* _Exercise prompt_
Write out every record below exactly, leaving the pictures out.

* _Input data_
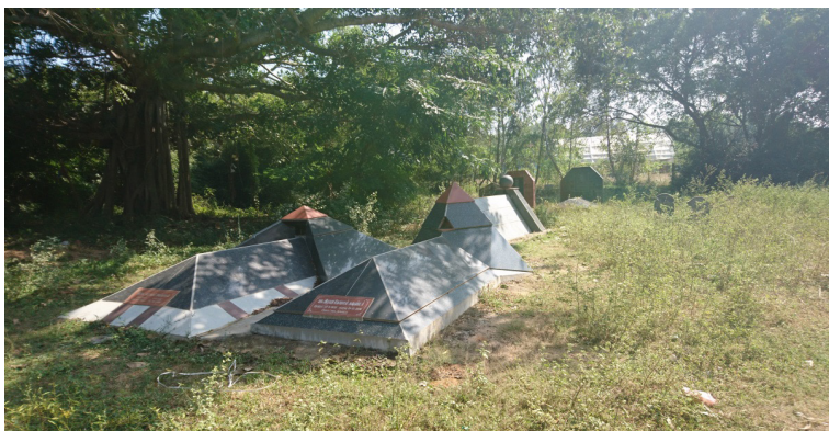
Figure 7. Auroville graves.

The narrow dirt track paths are being replaced with brick and tarmac roads – the main one of which was ready to welcome Modi – and there has been an exponential growth of private cars since the tsunami, private cars and mobile phones and even, hard for a 1968er to comprehend, separate gated communities. And the ecologists are on the back foot, with a proliferation of throwaway non-recyclable goods appearing in Auroville. It seems that on this common land which was bought from Tamils and enclosed to protect itself from the Tamil villagers, and whose labour it relies on to keep going, there are few common projects. Instead it is every man for himself, expected to live and let live and, better, encouraged to be an entrepreneur with a business from which a sizeable cut will go to the central authority. Businesses now include Australian spirulina, Austrian paper, Israeli wind-chimes and Tamil dolls (all of these national designations dissolved, of course, into an overarching ‘Aurovillian’ universal identity, and a host of organic cafes for the tourists who come to marvel at what has been done and what may be. The futuristic architecture of Auroville speaks of the hope of the commons but also of enclosure, a paradox built into the land. There is a simple graveyard with futuristic marble monuments surrounded by grassland
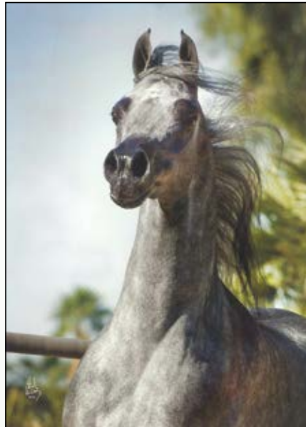
Saudi el Perseus, now in Australia, x Silk el Jamaal
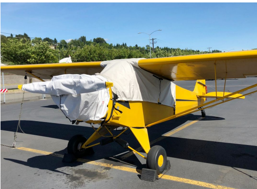
Piper J3C-65 Engine Cover (open on bottom)

This cover type is made from Silver Acrylic Sunbrella canvas and is 100% lined with a soft and smooth microfiber. Bruce's Custom Covers developed this material combination especially for aircraft protection. The outer material is medium weight and treated for water resistance, UV resistance and anti-static buildup. The inner lining is a very soft and smooth microfiber to prevent scratching. The material is very reflective, and tests show that the cabin interior temperature can be reduced to near-ambient temperature on the hottest of days. It is water, ice and snow repellent, yet breathable to allow moisture to escape from between the cover and the aircraft surface.
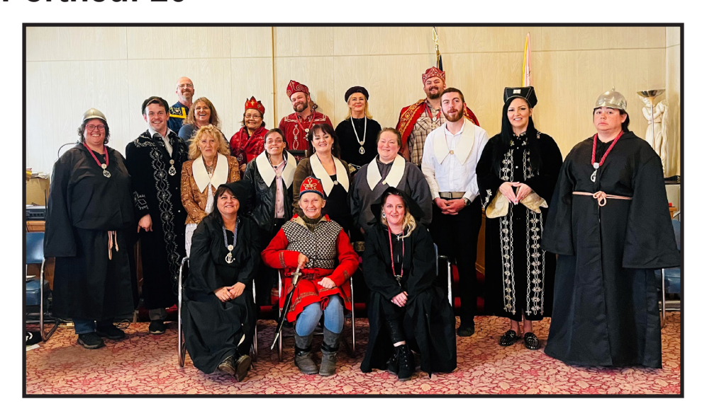
All of the present members of Portneuf including new ones

Pocatello - It was Portneuf #20's privilege to hold the 2022 District Meeting for District 1 on March 26th. We did not have a large turn out, but it was amazing fun. We had great messages given and received. We are looking forward to next years District Meeting for District 1 being held in Ashton.
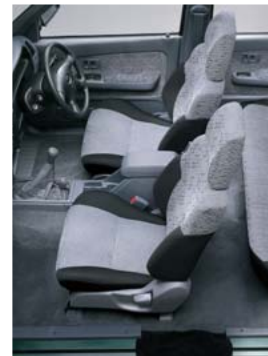
VX interior shown

250 EX Single Cab 102 bhp 280 EX Double Cab 102 bhp 280 VX Double Cab 102 bhp Invincible 102 bhp
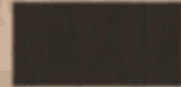
Double-C (24" x 12')
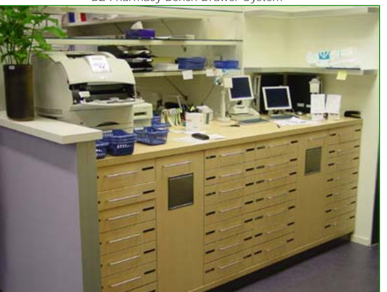
BZ Bench Drawers width Customised Drawer Fronts
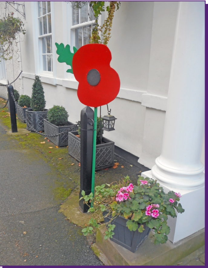
A resident also pays tribute to the fallen.
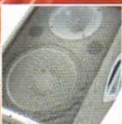
Alto - pg 70
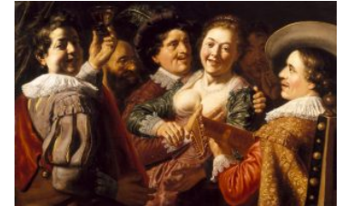
Fig 14. Jan Lievens, Allegory of the Five Senses , ca. 1622, oil on panel, 78.2 x 124.4 cm, private collection.
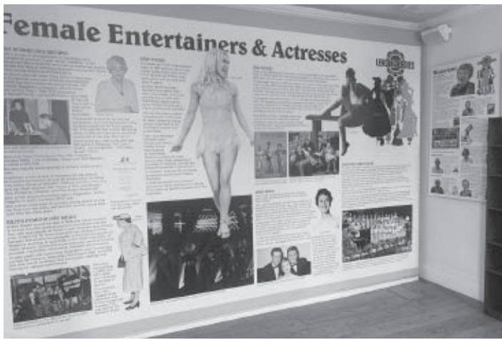
The Leading Ladies exhibition opened at Priory House in June
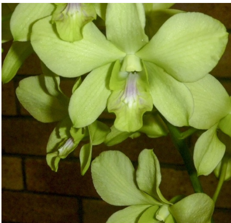
A very nice intermediate Dendrobium believed to be Den. Aridang Green 'Apple' grown by Herbert Chen
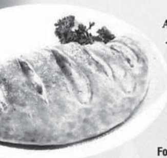
Folded Pizza Stuffed With Mixture of Cheeses.
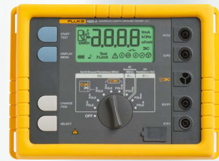
Earth Ground Tester
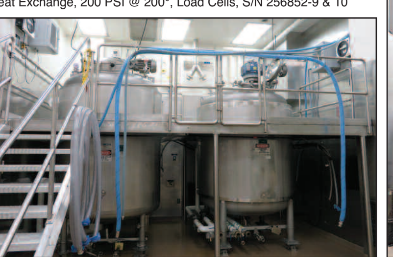
Mueller 4000L and 3000L Jacketed Mixing Tanks

Hermann 200 Gal. Portable S.S. Tank; Waldner 800L Port. S.S. Tank; (3) Portable S.S. Tanks, 400L, 300L, 100L; (3) Yula Shell & Tube Heat Exchangers; 2' x 2' Port. Mixer
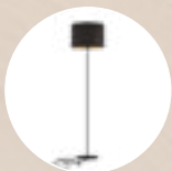
TINY PT 402
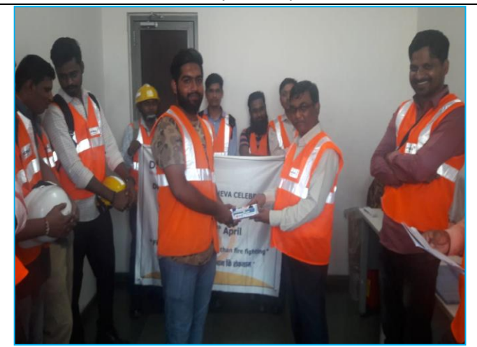
Spot Quiz Competition
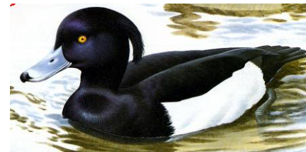
A Male Tufted Duck

Hanningfield Reservoir Nature Reserve gained SSSI status in 1996 because of its populations of Gadwell, Pochard, Shoveler, Teal, Tufted Duck and Shelduck
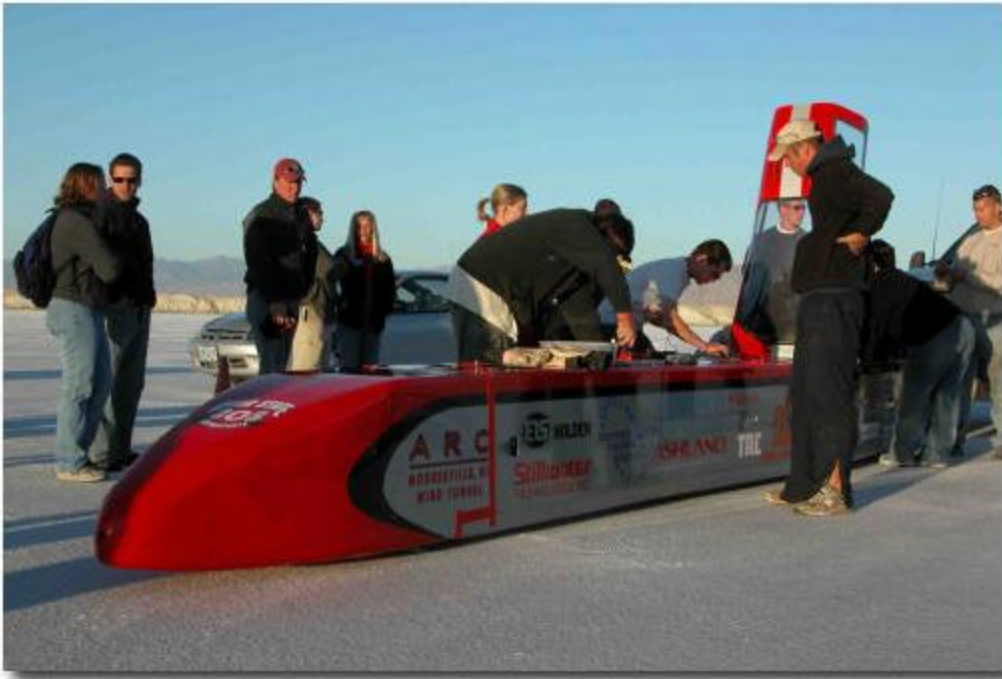
Above: The team preps the recording-breaking Bullet early on Friday morning.

"This condition can actually be easily rectified, and the team is working with the inverter supplier, Saminco, to change some inverter parameters to avoid low-voltage motor cut-off in the next run," said Rizzoni, "The record had to be certified over the third mile, as this was the fast qualifying mile. As you can see from the numbers listed below, the average of the two runs, roughly 250.5 mph, is less than one mph shy of the existing 251 mph record."
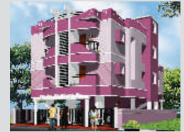
Vageesa @ Chidambaram
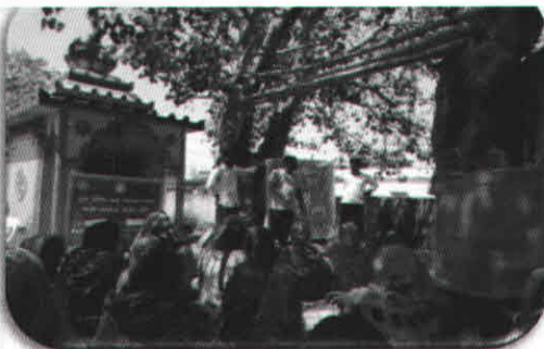
SHG CBT Training on SM & ID of Khordha ULB

* _Exercise solution_
Figure 7. Auroville graves.

The narrow dirt track paths are being replaced with brick and tarmac roads – the main one of which was ready to welcome Modi – and there has been an exponential growth of private cars since the tsunami, private cars and mobile phones and even, hard for a 1968er to comprehend, separate gated communities. And the ecologists are on the back foot, with a proliferation of throwaway non-recyclable goods appearing in Auroville. It seems that on this common land which was bought from Tamils and enclosed to protect itself from the Tamil villagers, and whose labour it relies on to keep going, there are few common projects. Instead it is every man for himself, expected to live and let live and, better, encouraged to be an entrepreneur with a business from which a sizeable cut will go to the central authority. Businesses now include Australian spirulina, Austrian paper, Israeli wind-chimes and Tamil dolls (all of these national designations dissolved, of course, into an overarching ‘Aurovillian’ universal identity, and a host of organic cafes for the tourists who come to marvel at what has been done and what may be. The futuristic architecture of Auroville speaks of the hope of the commons but also of enclosure, a paradox built into the land. There is a simple graveyard with futuristic marble monuments surrounded by grassland
Saudi el Perseus, now in Australia, x Silk el Jamaal
Piper J3C-65 Engine Cover (open on bottom)

This cover type is made from Silver Acrylic Sunbrella canvas and is 100% lined with a soft and smooth microfiber. Bruce's Custom Covers developed this material combination especially for aircraft protection. The outer material is medium weight and treated for water resistance, UV resistance and anti-static buildup. The inner lining is a very soft and smooth microfiber to prevent scratching. The material is very reflective, and tests show that the cabin interior temperature can be reduced to near-ambient temperature on the hottest of days. It is water, ice and snow repellent, yet breathable to allow moisture to escape from between the cover and the aircraft surface.
All of the present members of Portneuf including new ones

Pocatello - It was Portneuf #20's privilege to hold the 2022 District Meeting for District 1 on March 26th. We did not have a large turn out, but it was amazing fun. We had great messages given and received. We are looking forward to next years District Meeting for District 1 being held in Ashton.
VX interior shown

250 EX Single Cab 102 bhp 280 EX Double Cab 102 bhp 280 VX Double Cab 102 bhp Invincible 102 bhp
Double-C (24" x 12')
BZ Bench Drawers width Customised Drawer Fronts
A resident also pays tribute to the fallen.
Alto - pg 70
Fig 14. Jan Lievens, Allegory of the Five Senses , ca. 1622, oil on panel, 78.2 x 124.4 cm, private collection.
The Leading Ladies exhibition opened at Priory House in June
A very nice intermediate Dendrobium believed to be Den. Aridang Green 'Apple' grown by Herbert Chen
Folded Pizza Stuffed With Mixture of Cheeses.
Earth Ground Tester
Mueller 4000L and 3000L Jacketed Mixing Tanks

Hermann 200 Gal. Portable S.S. Tank; Waldner 800L Port. S.S. Tank; (3) Portable S.S. Tanks, 400L, 300L, 100L; (3) Yula Shell & Tube Heat Exchangers; 2' x 2' Port. Mixer
TINY PT 402
Spot Quiz Competition
A Male Tufted Duck

Hanningfield Reservoir Nature Reserve gained SSSI status in 1996 because of its populations of Gadwell, Pochard, Shoveler, Teal, Tufted Duck and Shelduck
Above: The team preps the recording-breaking Bullet early on Friday morning.

"This condition can actually be easily rectified, and the team is working with the inverter supplier, Saminco, to change some inverter parameters to avoid low-voltage motor cut-off in the next run," said Rizzoni, "The record had to be certified over the third mile, as this was the fast qualifying mile. As you can see from the numbers listed below, the average of the two runs, roughly 250.5 mph, is less than one mph shy of the existing 251 mph record."
Vageesa @ Chidambaram
SHG CBT Training on SM & ID of Khordha ULB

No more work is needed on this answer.